On this ride.

🙈
I was diagnosed at the end of last year. Been suffering for roughly a year now. 
Some days I feel like surely I haven't got it. That I am just somehow not experiencing anything. Because I have a good day. 
But then I go to make love with my partner of 3+ years and find myself pushing him off. I can't bare it this time. It hurts too much. Feeling guilty. Feeling frustrated. Feeling alone. 
I recover. I have a good day. I second guess my diagnoses again. "What if I'm just being dramatic. What if it's all just in my head."
But then I wake up the next morning after 10 hours sleep and feel lethargic with a thumping headache. I go to work with sharp pain in my abdomen and cramping. I'm walking around running errands and out of nowhere sharp pain shoots across my back and down my leg. For the rest of the day it is cramping. Just to remind me that it's still with me. I keep my game face on though. I was bought up in a tough family. No one goes to the doctors unless they're at deaths door. We maybe entitled to sick days but we don't take them because weakness is something we don't publicly show. 
Too soon I forget the pain all over again. How sever it is. I take advantage of my good days. Again thinking that I'll be fine. 
Then I miss my period for two months. Hope shines through. I go to the supermarket early in the morning and buy a couple of tests (because I can't dare to be seen by those who might know me. Word spreads quick in a small town.) I go home. Take the test. My heart breaks. My dreams shatter for another month. My disease shows its ugly face again. I can bare the pain. I can cope with tiredness. But this hurts the most. I'm not a materialistic woman. I just want a family. I feel envious, and sometimes anger towards other women I see who don't fully appreciate the beautiful family they have. This part of my disease is something that affects my partner. That isn't fair. He loves me unconditionally but I see the pain in his eyes when he sees me in pain and doesn't know what to do or say to make it all better. It tears him apart. 
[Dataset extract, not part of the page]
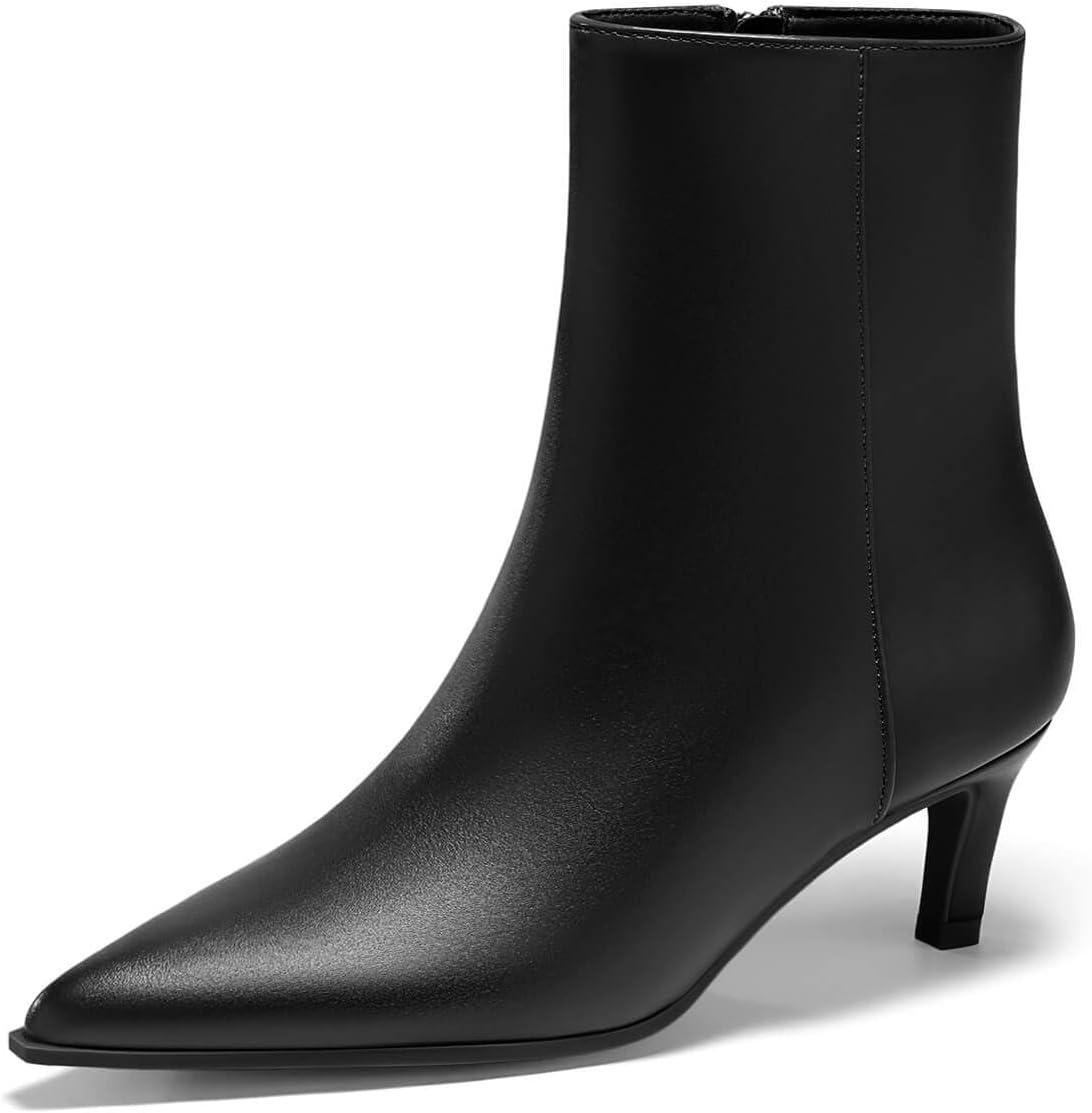 Coutgo Ankle Boots for Women Kitten Low Heel Pointed Toe Booties Side Zipper Fall Shoes(Black Pu)

I don't know why me. I am the only one out of the four siblings who wants children. Now it looks like I'm the only one out of the four who can't have children. 
Endometriosis had no known cause. There's no known cure. I have to come to accept my disease. But I WON'T let it infect my positive mindset. I appreciate the good days. I'm entitled to my bad days and have a cry, everyone needs a good sook now and then. It gets it out of my system to feel refreshed for whenever the good days come again. I live for the perfect little moments and strive to be my best in the worst.